■ Directions
Span requested from the data below: the line with "This charming 5" through the line with "吉尾 智これさんを姓名の画数から五運を鑑定", both included. Give only these lines again, exactly, and leave every picture out.

■ Records supplied

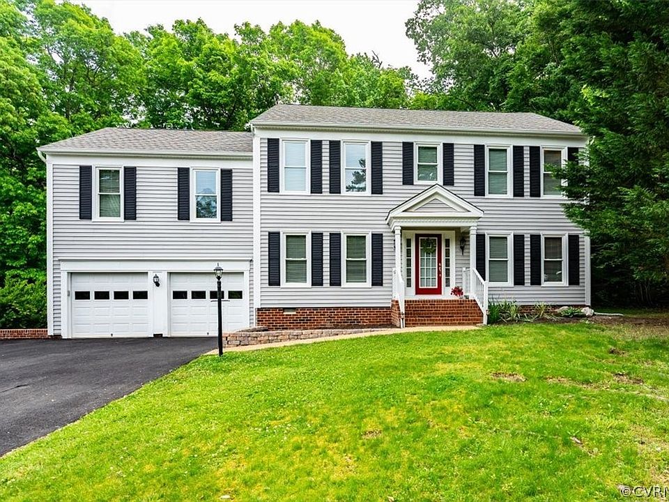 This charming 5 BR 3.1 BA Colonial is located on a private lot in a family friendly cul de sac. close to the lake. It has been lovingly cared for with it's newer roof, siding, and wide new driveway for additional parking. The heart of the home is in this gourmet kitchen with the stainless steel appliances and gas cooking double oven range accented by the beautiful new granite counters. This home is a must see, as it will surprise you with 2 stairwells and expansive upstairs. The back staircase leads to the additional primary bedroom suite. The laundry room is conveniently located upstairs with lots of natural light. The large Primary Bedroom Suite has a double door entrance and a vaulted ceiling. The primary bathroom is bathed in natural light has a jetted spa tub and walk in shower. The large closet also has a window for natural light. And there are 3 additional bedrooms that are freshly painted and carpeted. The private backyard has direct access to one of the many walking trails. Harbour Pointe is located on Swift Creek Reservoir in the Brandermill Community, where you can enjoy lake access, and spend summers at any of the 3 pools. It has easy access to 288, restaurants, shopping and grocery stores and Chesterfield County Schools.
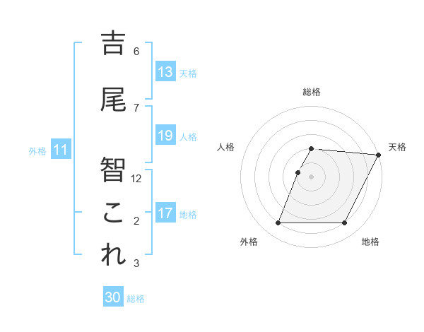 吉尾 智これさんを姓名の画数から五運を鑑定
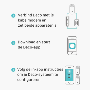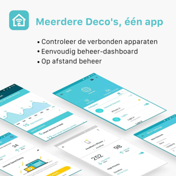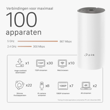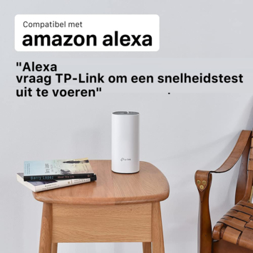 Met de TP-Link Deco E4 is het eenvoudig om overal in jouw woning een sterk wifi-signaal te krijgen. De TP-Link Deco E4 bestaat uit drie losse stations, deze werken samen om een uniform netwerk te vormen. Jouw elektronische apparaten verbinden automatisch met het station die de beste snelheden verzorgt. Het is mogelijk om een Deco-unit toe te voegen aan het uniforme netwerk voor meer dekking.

---

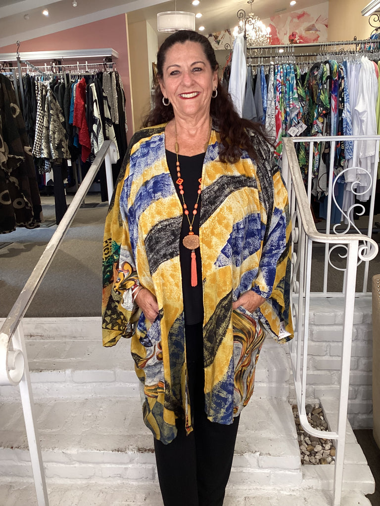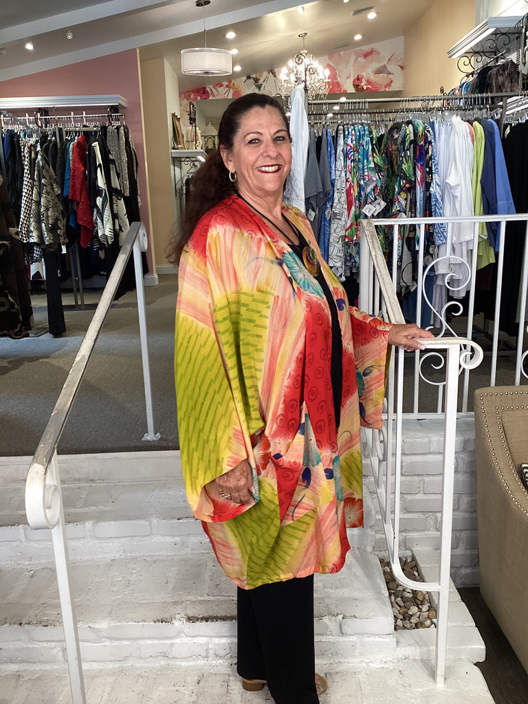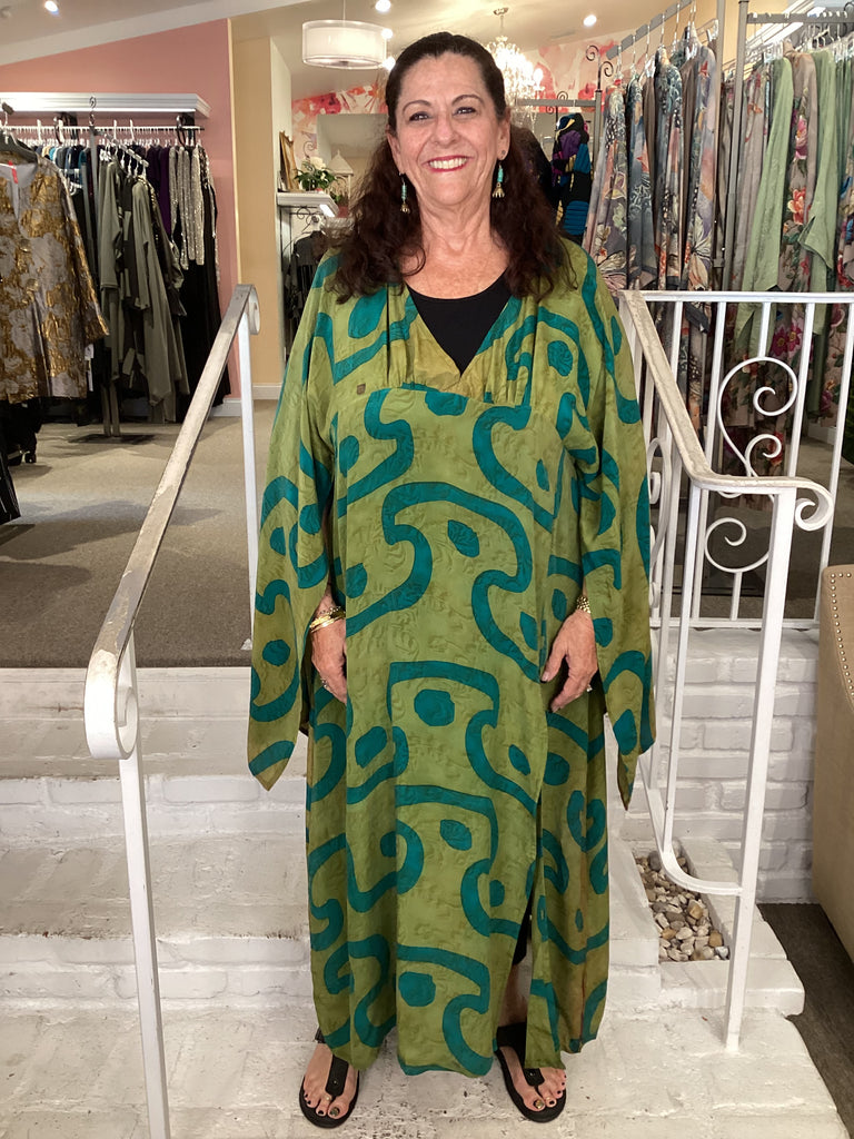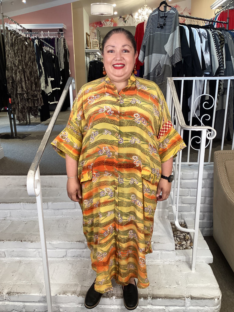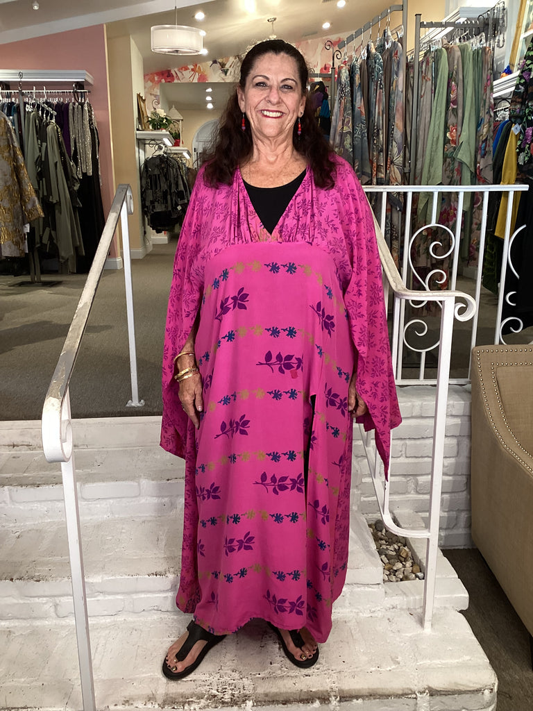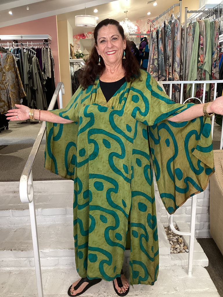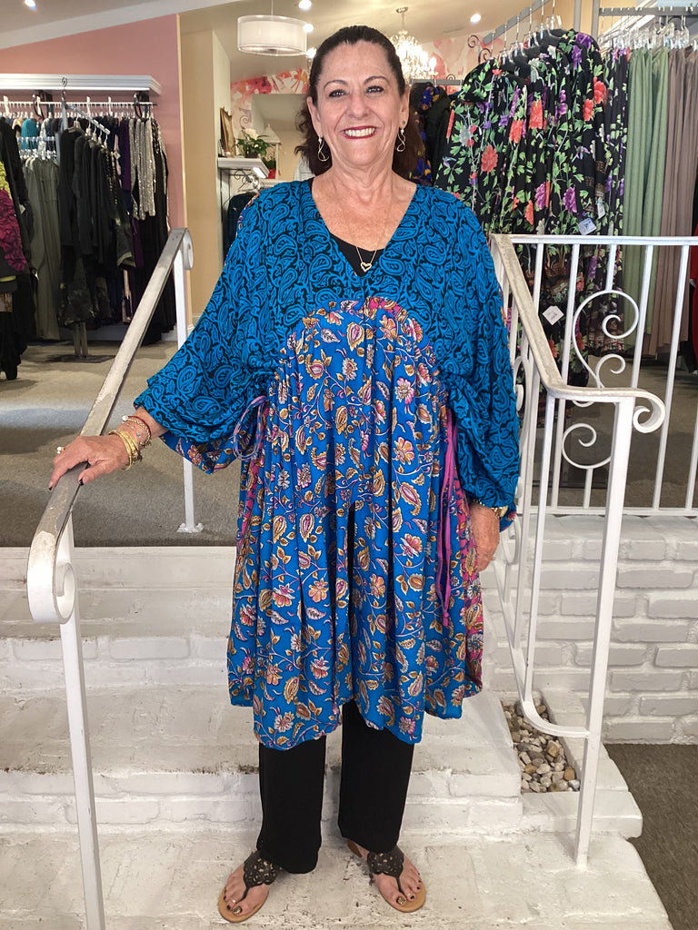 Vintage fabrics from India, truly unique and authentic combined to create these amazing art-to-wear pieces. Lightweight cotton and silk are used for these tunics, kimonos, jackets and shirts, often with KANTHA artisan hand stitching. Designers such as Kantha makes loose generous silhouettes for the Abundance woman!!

---

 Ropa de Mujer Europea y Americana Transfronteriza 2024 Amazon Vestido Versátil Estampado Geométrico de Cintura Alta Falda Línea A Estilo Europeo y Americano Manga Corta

■ Reply
 This charming 5 BR 3.1 BA Colonial is located on a private lot in a family friendly cul de sac. close to the lake. It has been lovingly cared for with it's newer roof, siding, and wide new driveway for additional parking. The heart of the home is in this gourmet kitchen with the stainless steel appliances and gas cooking double oven range accented by the beautiful new granite counters. This home is a must see, as it will surprise you with 2 stairwells and expansive upstairs. The back staircase leads to the additional primary bedroom suite. The laundry room is conveniently located upstairs with lots of natural light. The large Primary Bedroom Suite has a double door entrance and a vaulted ceiling. The primary bathroom is bathed in natural light has a jetted spa tub and walk in shower. The large closet also has a window for natural light. And there are 3 additional bedrooms that are freshly painted and carpeted. The private backyard has direct access to one of the many walking trails. Harbour Pointe is located on Swift Creek Reservoir in the Brandermill Community, where you can enjoy lake access, and spend summers at any of the 3 pools. It has easy access to 288, restaurants, shopping and grocery stores and Chesterfield County Schools.
 吉尾 智これさんを姓名の画数から五運を鑑定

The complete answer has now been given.